За столом потекла неспешная беседа. Гость подробно рассказывал о Мекке, о мечети Аль-Ахрам, о толпах паломников одетых в некроеную одежду, о женщинах с неприкрытыми лицами, об источнике Зам-Зам и бег между холмами Сафа и Марва.

Про путешествие через Ирак и Иран он тоже рассказал. Рассказал, что научился по дороге высокому искусству предсказания, освоил изготовление шамаили, чем очень гордился. Вот только на родине его народ жил так бедно, что шамаили даже вырезанные на деревянных досках были роскошью для большинства горожан.

— А не слышал ли уважаемый хаджи Мухаммад, как живёт наш король Захир-Шах, которого предал брат его сердар Дауд? — обратился к гостю Хаджи Худадад. — Мой сын[110], да будет милостив к нему Аллах, говорит, что король может вернуться в страну, если народ его поддержит.

— А как, дорогой Хаджи может народ поддержать короля? Ведь сегодня вся страна разорвана на части разными властолюбцами, лицемерными вождями и прочими порождениями шайтана. — В голосе Мухаммада звучит горечь. — Пуштуны доблестного Маулави воюют с таджиками Льва Панджшера Масуда, Лев Герата сражается с узбеками и туркменами Мухаммади Наби. Ночь безумия накрыла нашу несчастную страну.

— Ты абсолютно прав, хаджи, да благословит тебя Аллах. Мой сын говорит то же самое, но добавляет при этом, что если найдётся человек готовый пожертвовать семьёй и родом, чтобы объединить всех заблудших и погрязших в грехе братоубийства, то народ пойдёт за таким человеком. Ему кажется, что наш старый король как раз таков. Ты, дорогой брат, заметил на базарах портреты короля? Ещё полгода назад их не было, а сегодня они пользуются огромным спросом. Кроме портретов продаются ещё и сборники поучительных историй, которые приписываются Захир-Шаху.
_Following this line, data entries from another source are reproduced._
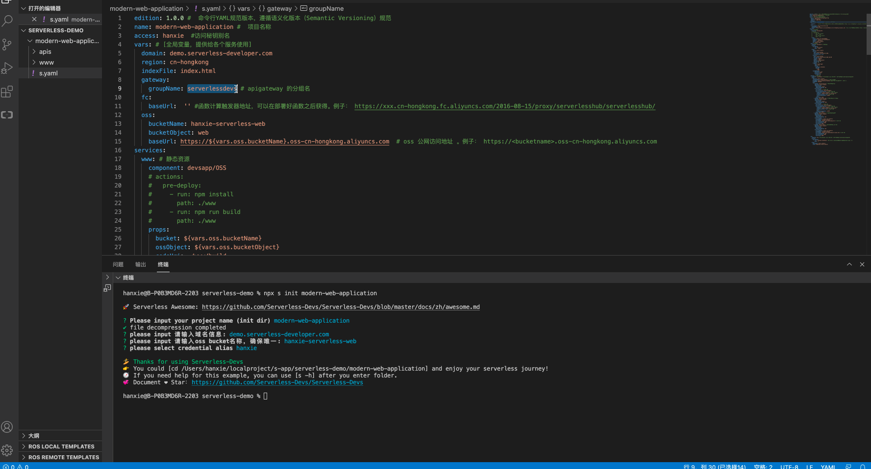 3.根据引导提示输入提前准备好的域名( 如 demo.serverless-developer.com ) 以及oss bucket 名称( hanxie-serverless-web ) 建议 oss bucket 提前在控制台创建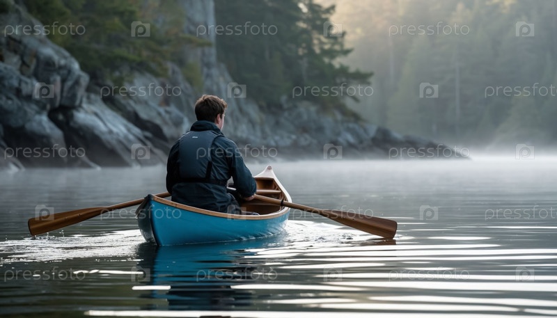Молодой человек один в лодке посреди туманного озера
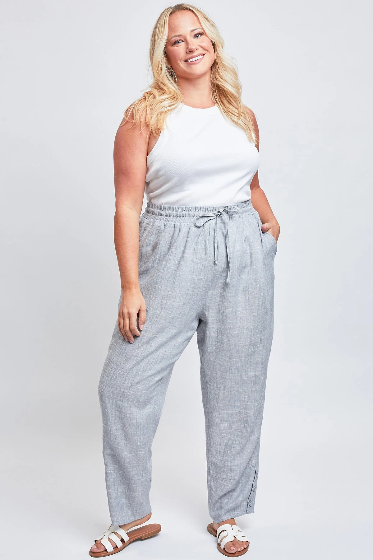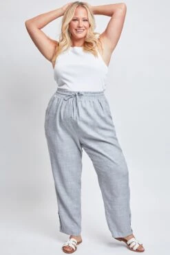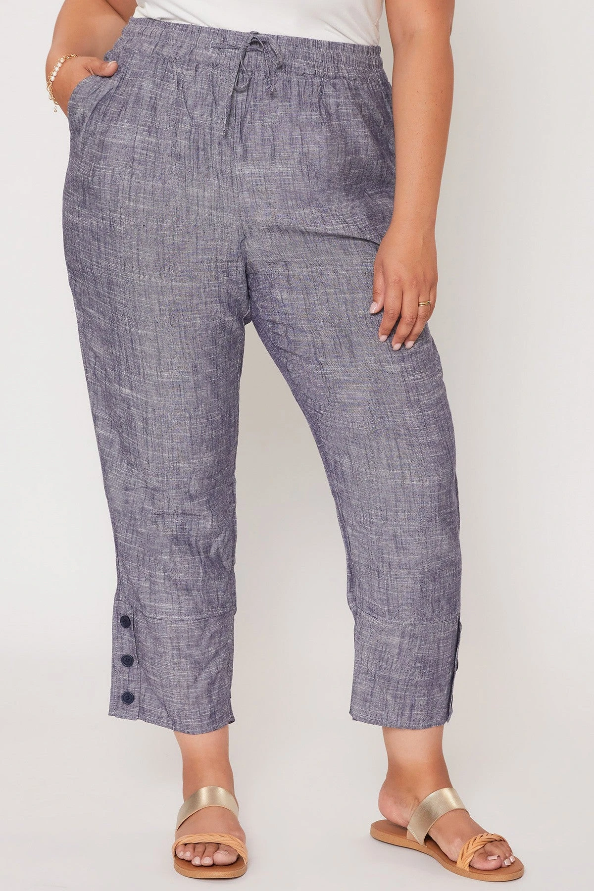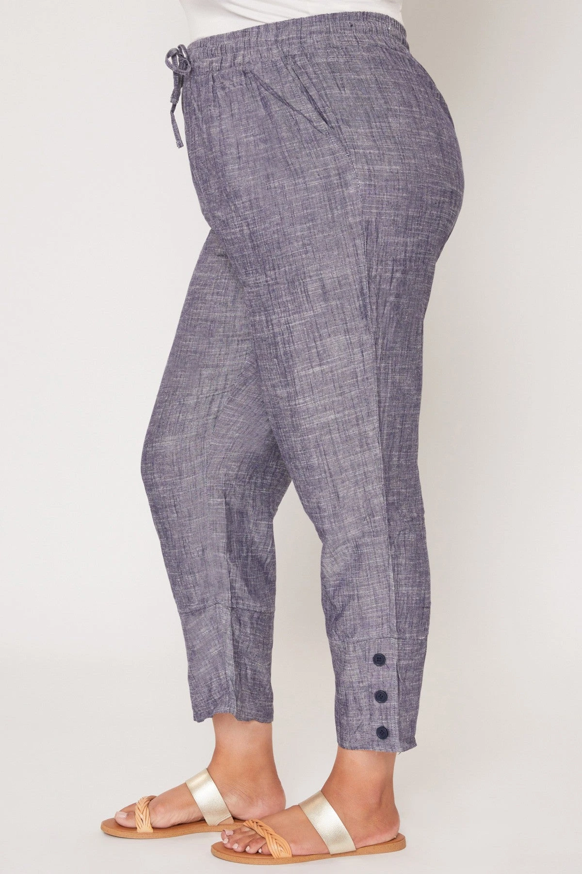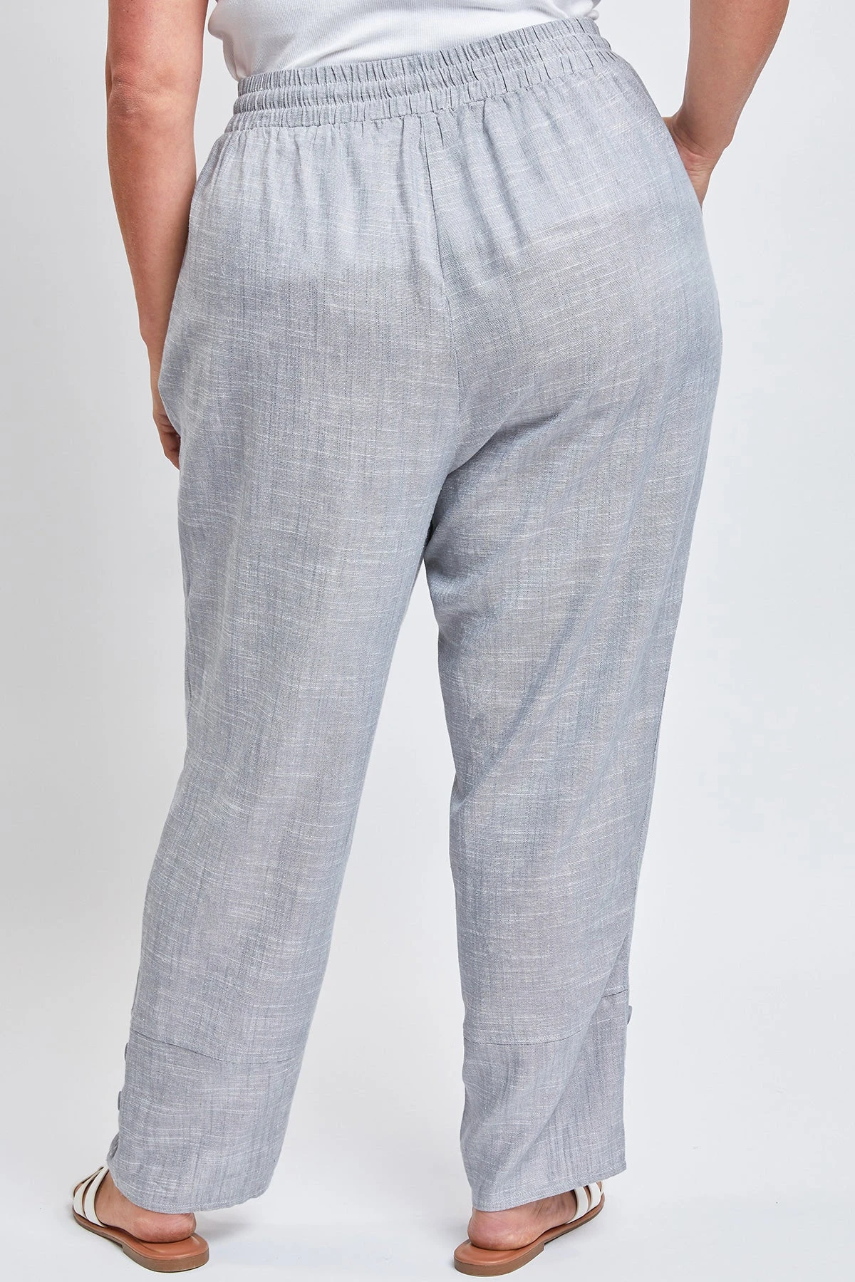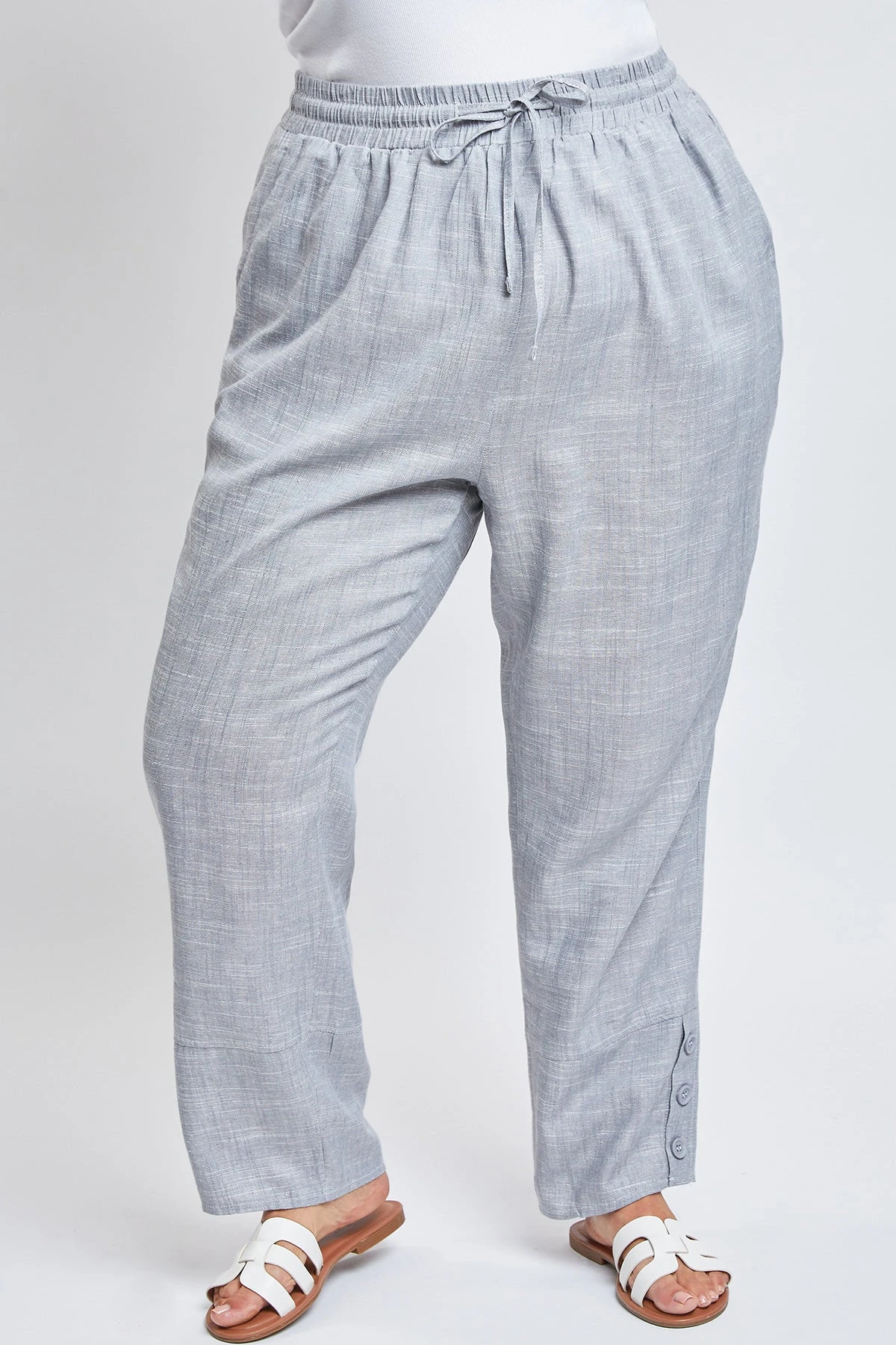 Our comfy Women’s Pull On Button Hem Pants are a fantastic addition to your year round wardrobe. Featuring a wide-width waistband, elastic waistband, drawstring feature, and 3 summary hem detail.

Толкования священных сур и аятов, разоблачение ложных пророчеств и всё в духе обретения единства разных племён Афганистана.

— Это мне нравится, это греет мне душу, но как эти картинки могут помочь в борьбе против автоматов и пулемётов?

— На спусковой крючок автоматов жмут люди, а если в голове у человека правильные мысли, то и автомат он направит туда, куда следует.

— Кстати, а кто в Пули-Хумри у власти? — решает перевести разговор с опасной темы Мухаммад Хусейн. — Я сегодня вечером приехал и ещё не успел вникнуть в здешнюю жизнь.

— Эмир Раббани, да ниспошлёт Аллах ему милость и процветание, прислал к нам какого-то ненормального джаграна[111], который тут же из молодых парней набрал отряд в полтораста человек и начал наводить свои порядки. Обложил проезжающие караваны лютым налогом, начал оружие у нас отбирать… Всё это без решения шуры, без советов со старейшинами. Мы пожаловались на него в Кабул самому Раббани. Тот оставил все его самоуправства в силе, но самого отсюда убрал. Пообещал, что новый будет обязательно все порядки устанавливать через шуру города.

— И вы так вот просто и согласились оружие отдать? — удивился Мухаммад.

— Нет, конечно. Отдали только совсем старое и то, что уже не починить, всё остальное собрали и попрятали. Против современных автоматов наши винтовки в прямом бою нас не спасут, а вот из засады, вполне годятся. Да и парни, что служить пошли, против нас вряд ли воевать будут, это же наши сыновья и внуки. Они, скорее автоматы против пришлых повернут, чем в родню стрелять начнут.

— А я слышал, — подал голос Мустафа, — что в Баглане аскары[112] Хекматияра уже вершат суд и расправу. Почему они сразу к нам не продвинулись не понятно.

Долго ещё в свете тусклой электрической лампочки, еле разгонявшей темноту душной афганской ночи, шло обсуждение жизни города.